Prohibited processes
If a process does not appear on the list above, it may have been considered by the SCAAC but determined to be inappropriate for use in clinical practice. This may be because the evidence indicating that the process renders the tissues or cells clinically ineffective or harmful to the recipient.
The table below shows which processes are prohibited for use in clinical practice.
| Licensed activity | Prohibited processes |
|---|---|
| Use of gametes | Use of immature sperm (e.g. spermatids) |
Suspended processes
Should evidence come to the attention of the SCAAC which indicates that an authorised process may render tissues or cells clinically ineffective or harmful to the recipient, the process will be suspended and taken to the SCAAC for further consideration. If a process is suspended it will be indicated on the authorised process list as follows:
Key
| Name of licensed activity | Suspended process |
For further information regarding suspended processes please contact your Clinic Inspector.
Applying to use a new process
If you wish to use a process, which does not appear either on the authorised or the prohibited processes lists, you will need to apply to the HFEA to seek permission to use it in clinical practice.
The application will be discussed by the SCAAC, who will consider evidence as to whether the process renders the tissues or cells clinically ineffective or harmful to the recipient and decide whether or not to add the process to the authorised processes list.
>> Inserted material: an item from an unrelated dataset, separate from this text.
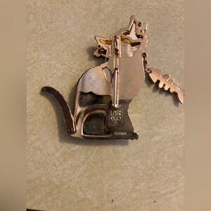 The product is a vintage cat pin featuring the Lunch at The Ritz brooch. The black and white enamel design features a cute cat with a fish bone pendant. Does have minor wear and tear. It is a type of pin that can be worn on clothing or accessories. This piece falls under the category of Vintage & Antique Jewelry, specifically Brooches & Pins. This cool cat measures 2” long. The bracelet measures 8” long. Comes with original box and paper, in good condition.

If the process is approved, any clinic or laboratory may use the process, provided they are licensed to carry out the associated licensable activity and fulfil any additional requirements as specified by the SCAAC.
Should you wish to submit an application for a process which does not currently exist on the authorised processes list, please contact your Clinic Inspector.
To note: Authorised processes which have been recently approved by the SCAAC are subject to an enhanced reporting period. Any process subject to enhanced reporting will appear on the AP list but will be depicted as below:
Key
| Name of licensed activity | Fully authorised process |
Process subject to enhanced reporting  Authorised processes which have been recently approved by the SCAAC are subject to an enhanced reporting period. These will be indicated using this pop-up window. |
Rejected applications
Applications to authorise a new process may have been rejected at application due to insufficient evidence for the process to be authorised, for example, where there is not currently enough evidence to conclude that the process does not render the tissues or cells clinically ineffective or harmful to the recipient.